PROBLEM STATEMENT:
Please copy exactly the lines that run from the start of the entries to the line containing "continuo parts) |", inclusive.

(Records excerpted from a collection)
+ + + + +

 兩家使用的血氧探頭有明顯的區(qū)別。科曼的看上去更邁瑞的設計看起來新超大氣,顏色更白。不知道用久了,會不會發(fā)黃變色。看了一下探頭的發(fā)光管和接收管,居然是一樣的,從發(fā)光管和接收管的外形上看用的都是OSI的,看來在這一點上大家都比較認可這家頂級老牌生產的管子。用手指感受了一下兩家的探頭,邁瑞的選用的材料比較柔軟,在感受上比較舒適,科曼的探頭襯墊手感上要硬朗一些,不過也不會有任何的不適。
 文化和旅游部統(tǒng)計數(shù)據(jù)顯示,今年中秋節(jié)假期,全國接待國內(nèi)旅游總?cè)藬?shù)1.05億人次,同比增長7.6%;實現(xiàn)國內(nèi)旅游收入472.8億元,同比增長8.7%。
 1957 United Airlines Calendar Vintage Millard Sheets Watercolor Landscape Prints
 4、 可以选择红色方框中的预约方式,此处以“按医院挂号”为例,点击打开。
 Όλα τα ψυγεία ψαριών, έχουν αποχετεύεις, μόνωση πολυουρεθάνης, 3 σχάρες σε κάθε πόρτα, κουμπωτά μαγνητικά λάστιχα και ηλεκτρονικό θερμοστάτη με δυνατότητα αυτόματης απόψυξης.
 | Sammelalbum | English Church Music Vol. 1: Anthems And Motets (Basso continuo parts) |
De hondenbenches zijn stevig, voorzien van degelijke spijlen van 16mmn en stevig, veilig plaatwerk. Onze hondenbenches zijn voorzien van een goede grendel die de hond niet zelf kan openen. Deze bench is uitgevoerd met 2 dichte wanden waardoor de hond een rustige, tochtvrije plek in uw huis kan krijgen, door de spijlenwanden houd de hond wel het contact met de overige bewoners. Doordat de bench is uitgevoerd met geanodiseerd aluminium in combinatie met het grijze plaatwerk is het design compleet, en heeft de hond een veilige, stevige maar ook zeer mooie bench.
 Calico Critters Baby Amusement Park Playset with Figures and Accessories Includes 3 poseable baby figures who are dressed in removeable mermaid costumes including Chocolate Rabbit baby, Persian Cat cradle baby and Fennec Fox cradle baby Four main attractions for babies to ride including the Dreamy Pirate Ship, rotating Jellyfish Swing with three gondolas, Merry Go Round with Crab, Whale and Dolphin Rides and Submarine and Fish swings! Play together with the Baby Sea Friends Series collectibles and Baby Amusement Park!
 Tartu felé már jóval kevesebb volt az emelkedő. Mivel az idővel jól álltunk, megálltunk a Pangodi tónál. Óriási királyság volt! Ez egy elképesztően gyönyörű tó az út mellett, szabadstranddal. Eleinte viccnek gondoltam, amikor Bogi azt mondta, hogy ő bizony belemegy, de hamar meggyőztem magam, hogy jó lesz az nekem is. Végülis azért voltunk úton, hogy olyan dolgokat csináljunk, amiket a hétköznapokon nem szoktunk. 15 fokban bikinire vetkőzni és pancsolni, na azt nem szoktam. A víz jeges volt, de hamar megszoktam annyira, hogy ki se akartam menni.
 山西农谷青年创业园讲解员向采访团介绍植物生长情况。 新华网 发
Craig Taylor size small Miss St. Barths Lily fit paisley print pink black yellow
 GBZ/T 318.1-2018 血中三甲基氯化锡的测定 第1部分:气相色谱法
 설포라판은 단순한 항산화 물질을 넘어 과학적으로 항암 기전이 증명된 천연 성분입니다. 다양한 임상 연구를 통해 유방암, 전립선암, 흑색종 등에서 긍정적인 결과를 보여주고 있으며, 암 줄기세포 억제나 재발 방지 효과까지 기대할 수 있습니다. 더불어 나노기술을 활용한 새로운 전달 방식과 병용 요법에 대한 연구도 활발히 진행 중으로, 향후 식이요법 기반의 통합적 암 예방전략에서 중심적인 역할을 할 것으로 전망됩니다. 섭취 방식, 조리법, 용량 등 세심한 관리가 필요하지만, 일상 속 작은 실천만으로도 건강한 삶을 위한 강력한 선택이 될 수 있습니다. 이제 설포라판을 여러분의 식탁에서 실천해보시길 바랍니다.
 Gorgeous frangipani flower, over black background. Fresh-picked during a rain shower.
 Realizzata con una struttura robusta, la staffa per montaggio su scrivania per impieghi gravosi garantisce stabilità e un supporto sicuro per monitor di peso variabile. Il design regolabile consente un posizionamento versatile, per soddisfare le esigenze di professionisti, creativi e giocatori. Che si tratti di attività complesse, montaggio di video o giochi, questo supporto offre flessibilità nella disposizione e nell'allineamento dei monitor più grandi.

+ + + + +

COMPLETED EXERCISE:
 兩家使用的血氧探頭有明顯的區(qū)別。科曼的看上去更邁瑞的設計看起來新超大氣,顏色更白。不知道用久了,會不會發(fā)黃變色。看了一下探頭的發(fā)光管和接收管,居然是一樣的,從發(fā)光管和接收管的外形上看用的都是OSI的,看來在這一點上大家都比較認可這家頂級老牌生產的管子。用手指感受了一下兩家的探頭,邁瑞的選用的材料比較柔軟,在感受上比較舒適,科曼的探頭襯墊手感上要硬朗一些,不過也不會有任何的不適。
 文化和旅游部統(tǒng)計數(shù)據(jù)顯示,今年中秋節(jié)假期,全國接待國內(nèi)旅游總?cè)藬?shù)1.05億人次,同比增長7.6%;實現(xiàn)國內(nèi)旅游收入472.8億元,同比增長8.7%。
 1957 United Airlines Calendar Vintage Millard Sheets Watercolor Landscape Prints
 4、 可以选择红色方框中的预约方式,此处以“按医院挂号”为例,点击打开。
 Όλα τα ψυγεία ψαριών, έχουν αποχετεύεις, μόνωση πολυουρεθάνης, 3 σχάρες σε κάθε πόρτα, κουμπωτά μαγνητικά λάστιχα και ηλεκτρονικό θερμοστάτη με δυνατότητα αυτόματης απόψυξης.
 | Sammelalbum | English Church Music Vol. 1: Anthems And Motets (Basso continuo parts) |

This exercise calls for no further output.